I'm still not sure what I was asking that about.

They came in and gave me the epidural. I sat at the edge of the bed and stared at Jason, trying my best to hold still. The pain didn't entirely go away but I could ignore it again.  They then said we could sleep, so they laid down and so did I.  I managed to sleep for a couple of hours, only getting up when the nurse came in to check my temperature. At 7 the new doctor came in and checked my cervix. I had started at 3 centimeters the night before, I was up to 4. They went away again for a little while, around 11 I started having more pain and the epidural didn't help as much anymore.

Then around then they said my cervix was dilated to 9 centimeters. Came back, 9 and almost completely effaced. Came back again.. TIME TO GO.  I was not excited about it, or scared. I just wanted the pain to be gone, for this crap to be DONE.

Oh, insert... I forgot about this part. I hope for your sake your doctors are more intelligent than mine. Mine reached in and felt Aedric's hair.. and tried to pop "the water sac".  They thought that my amniotic sac hadn't popped, when apparently it had. They tried popping it with every contraction. When he came out, he had blood all over his head, and scratches in one spot from where they tried popping HIM like he was the frigging amniotic sac. I was really upset with that. They ignored it and pretended it didn't happen. Poor kid.

Also, according to Jason part of the reason they wanted me to start pushing was i had blood in the catheter bag.  MY catheter didn't hurt. idk if yours will.

Logan left the room, Jason sat on my left.
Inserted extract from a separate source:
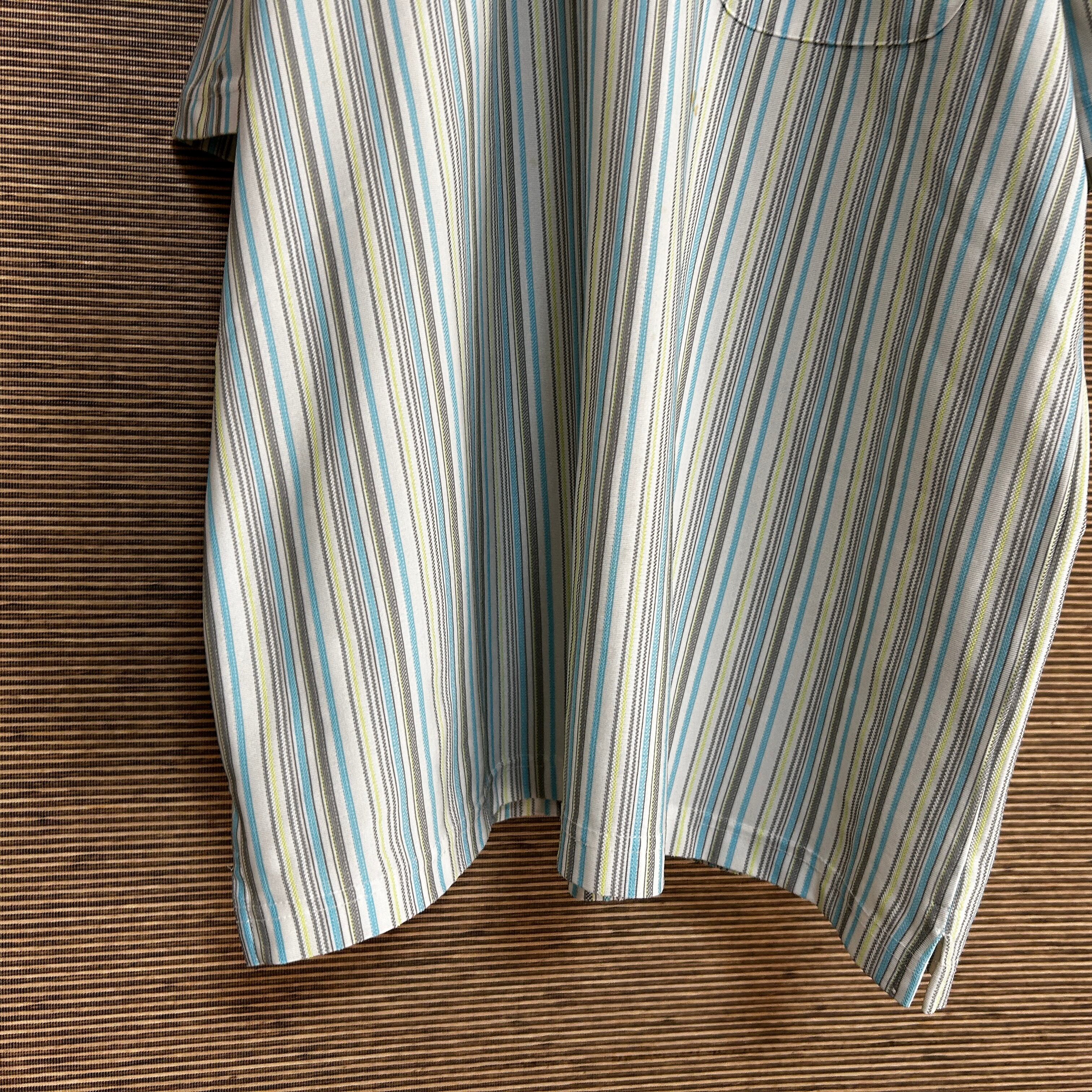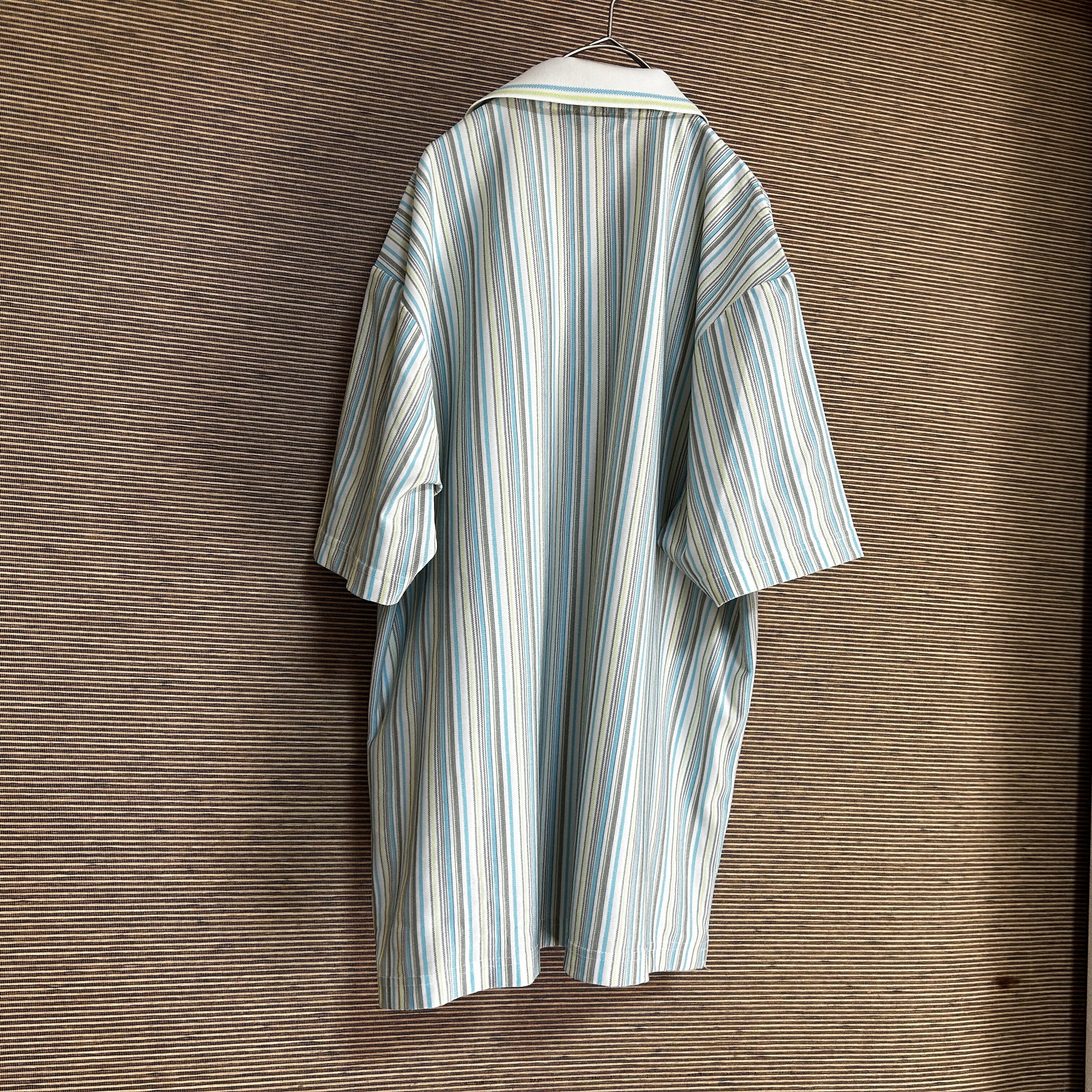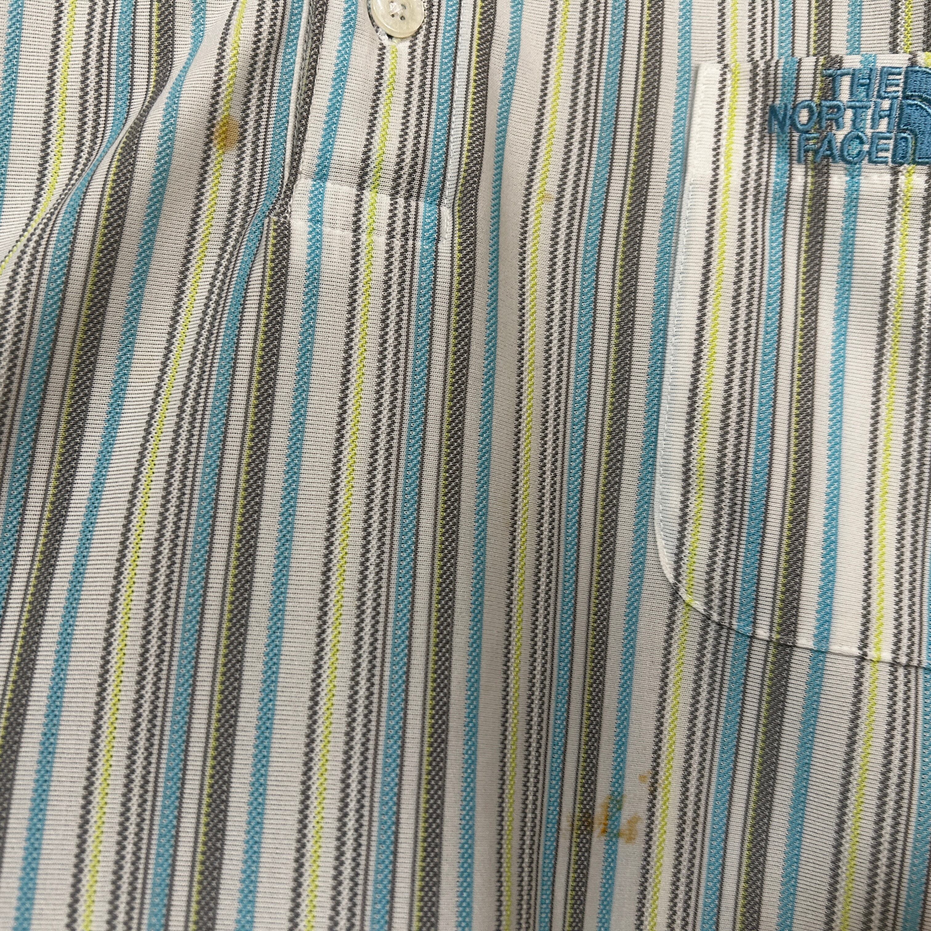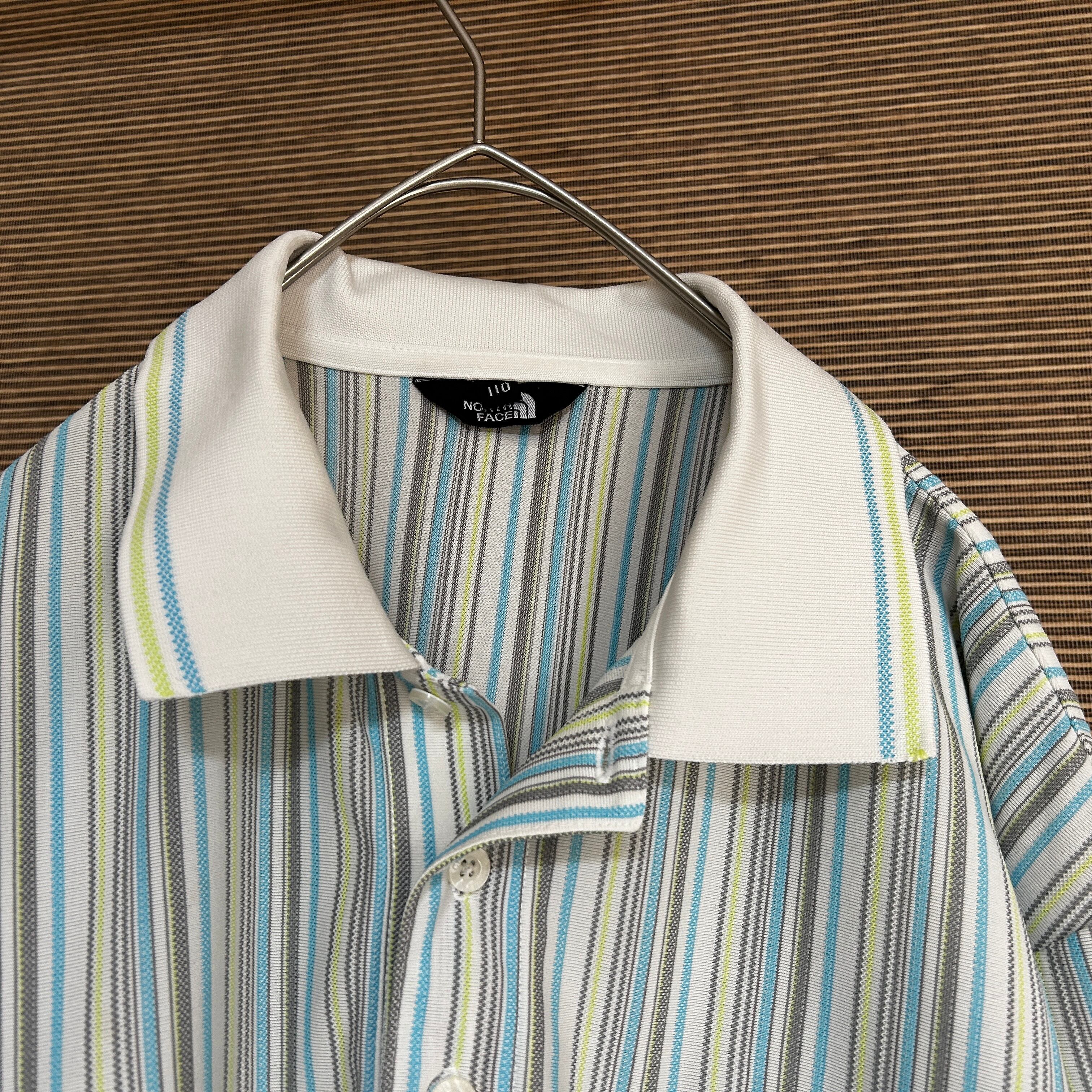 ノースフェイス 半袖ポロシャツ クールマックス ボーダー刺繍 白水色J1 古着 ビッグサイズ ワンポイントロゴ

No matter what they tell you, for me at least birth was an entirely solitary venture. I didn't scream at Jason, or tell him we were never having sex again. I had tunnel vision, I swear.  I pushed when they told me to push the first few times then figured out the rhythm.  I am not sure how much later, maybe half an hour? they said that he was crowning.  And so to push.  Hard.
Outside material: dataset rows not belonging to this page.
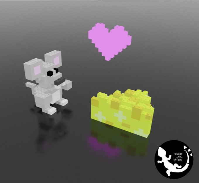 ねずみとチーズ(*^^*) Lego風☺️ #magicavoxel #voxelart #voxel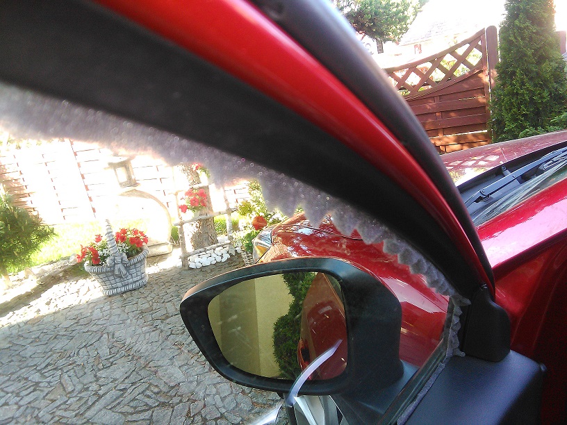 Trochę inaczej wyglądała później rozmowa w towarzystwie handlowca ,z którym załatwiałem zakup. Wtedy słyszałem już ,że taki problem nie jest znany Panu z serwisu i nigdy nic o tym nie słyszał. Zapytałem w jakiej formie mam zgłosić ten fakt oficjalnie? Po tym pytaniu Pan z serwisu chyba zmienił nastawienie. Umówiliśmy się ,że spróbuję ustalić podczas jazdy ,w którym miejscu pojawia się ten dźwięk. Muszę się zdać na słuch żony ,która jeździ jako pasażer i z jej opinią udać się do nich jeszcze raz. Wtedy przyjrzą się drzwiom, uszczelkom itp. dokładnie i będą szukali rozwiązania.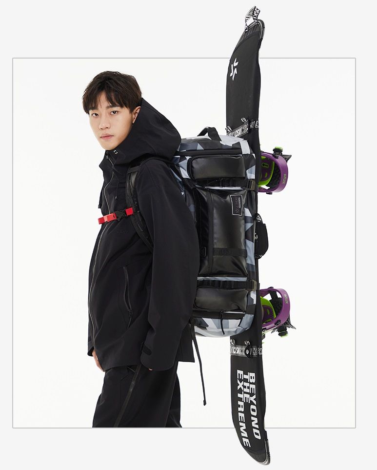 Назначение: Перевозка лыжных или сноубордических ботинок, сноуборда (крепится на рюкзак), шлема очков и другого снаряжения, . Сумка выполнена из износостойкой ткани, Внутри пространство разделено тканью оделяет ботинки со шлемом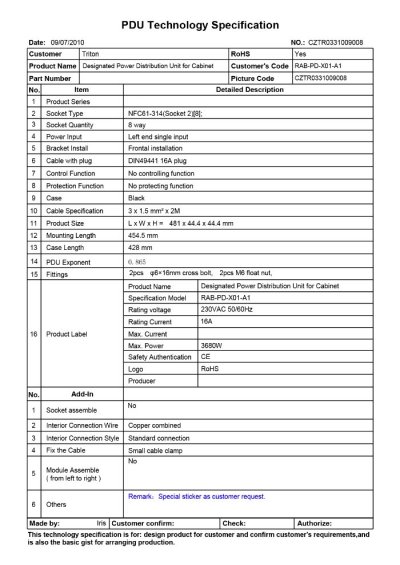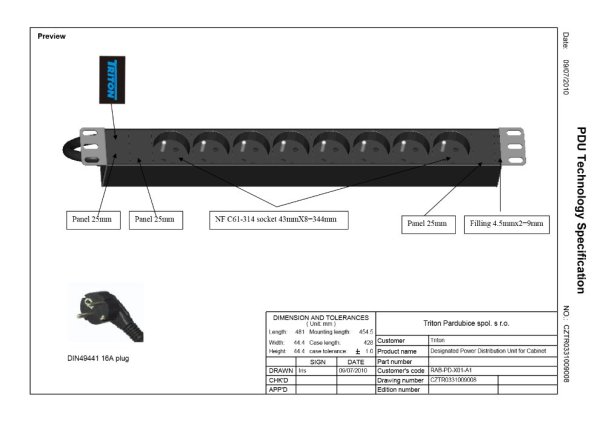 19" rozvodný panel Triton je vybavený 8 zásuvkami podľa ČSN a 2 metrovým káblom s univerzálnou zástrčkou. Kábel je v čiernom farebnom prevedení a znesie max. záťaž 16 A.
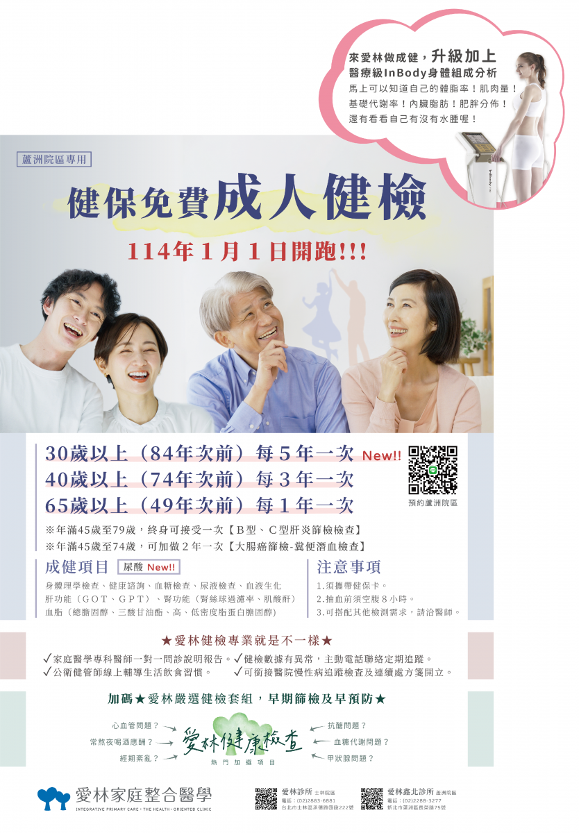 加碼★愛林嚴選健檢套組,早期篩檢及早預防★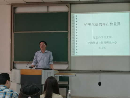 2017年8月31日,北京外国语大学董事长助理、中国外语与教育研究中心主任、博士生导师王文斌教授莅临z6com·尊龙指导,并为z6com·尊龙师生做了一场题为“论英汉语的内在性差异”的讲座。

Well, what I didn't know at the time was apparently his blood pressure dropped during this phase, and they started really getitng on me about pushing.
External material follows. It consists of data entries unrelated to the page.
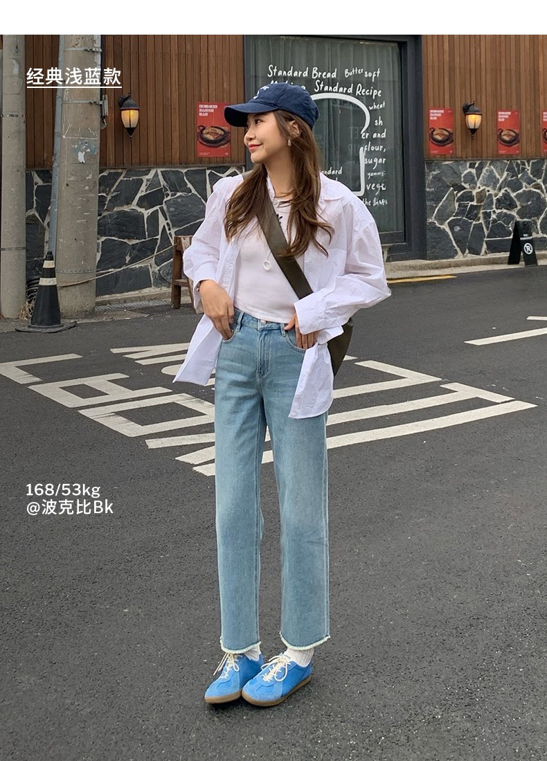 【Baguette Pants Collection】Simplepieces Spring New Sps Jeans for Women Petite Cropped Straight Pants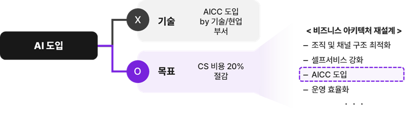 과거 AICC(인공지능 컨택센터) 도입 사례를 보면, 뚜렷한 비즈니스 목적 없이 ‘도입’ 자체를 목표로 시작한 사례가 많았다. 안타깝게도 성공 사례는 거의 없었다. 기술 성숙도, 비용 등 여러 한계가 존재했기 때문이다. 반면, ‘동종 업계 대비 CS 비용이 과도하게 지출되고 있다’라는 문제를 명확히 정의하고, 이를 개선하기 위한 다양한 수단 중 하나로서 AICC를 선택한 경우에는 성과를 측정하고 추적할 수 있는 구조를 설계할 수 있다. 즉, AI는 비즈니스 이슈에 대한 해결 수단으로 접근되어야 하며, 도입 자체를 목적으로 설정할 경우 효과를 입증하기도 어렵고 실패 확률이 높아진다.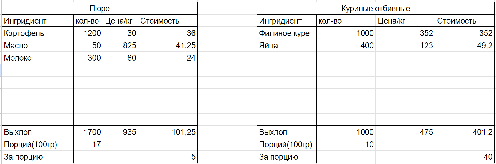 400 яиц имеется ввиду, конечно, 4 штуки. Просто лень под них таблицу менять, которая все в граммах считает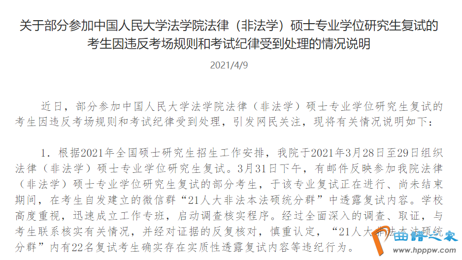1.根据2021年全国硕士研究生招生工作安排,我院于2021年3月28日至29日组织法律(非法学)硕士专业学位研究生复试。3月31日下午,有邮件反映参加我院法律(非法学)硕士专业学位研究生复试的部分考生,于该专业复试正在进行、尚未结束期间,在考生自发建立的微信群“21人大非法本法硕统分群”中透露复试内容。学校高度重视,迅速成立工作专班,启动调查核实程序。经过全面深入的调查、取证,与考生联系核实有关情况,并经对证据的反复核对,慎重认定,“21人大非法本法硕统分群”内有22名复试考生确实存在实质性透露复试内容等违纪行为。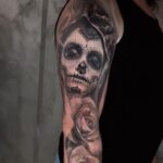Tetování muerte, květiny, růže, rukáv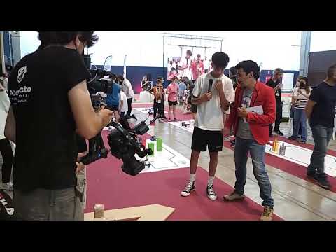 Aquí tenéis a Badr presentando Robolow a las cámaras de Roboreto, y a José Ángel y Adam haciendo una demostración: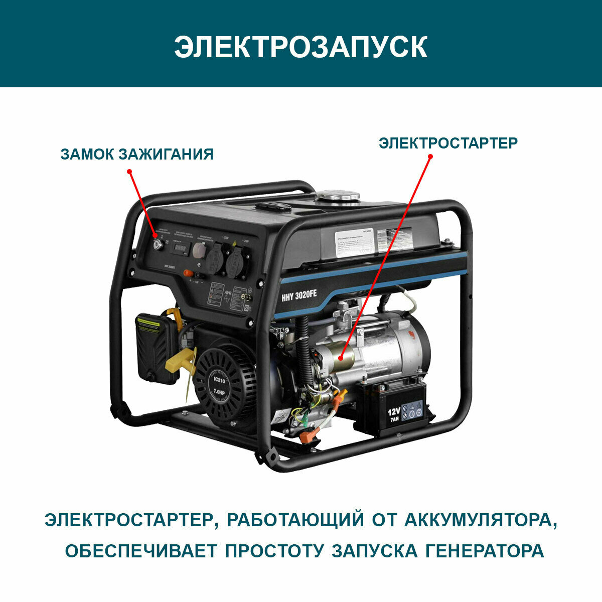 Бензиновый генератор Hyundai HHY 3020FE, 220/12 В, 3.1кВт, с АКБ

I went into tunnel vision mode. I was looking, but not seeing. I pushed, and I pushed HARD. I started to feel his head coming out. As soon as I felt that, they got really excited and started pressuring me to push harder. It annoyed me a bit, but I did. I pushed with everything I had, twice. The first time I felt his head come out, the second time I felt the most awkward feeling ever... It felt like something big and lumpy falling out of me. Apparently it was the baby and the placenta.

I blacked out completely.. Just.. gone.  I vaguely remember being on the phone with my dad telling him he was a grandpa. Not sure what I sounded like on the phone.  I remember Jason trying to hand me the baby, he was gray.  I blacked out for basically 3 hours with intermitten moments of wakefulness. I woke up to them talking about my tear and sewing me up. Out again. Around 4 they started telling me they were going to be taking me up to mother and chidren unit.

Oh, right after I gave birth I tried to eat a snickers. I had puked once, all water, about an hour before.  This time I puked up the snickers and water.

Around 4 they gave me a ginger ale, a cup of juice, and water and crackers. I was determined to hold SOMETHING down, and I managed to. A little bit of each liquid and 4 types of crackers.

Now, note, according to everyone my lips were WHITE. literally. When I got upstairs, the lady asked me if I was hungry, I said yes. She got me a turkey sandwich, it was really dry. Took me a long time to choke it down.

Ok I think I went a little past childbirth, so I'll take a break. If people want to know about the rest of my hospital stay (bitch nurse, transfusion, lol.. the joys of having a stage 3 tear..) let me know.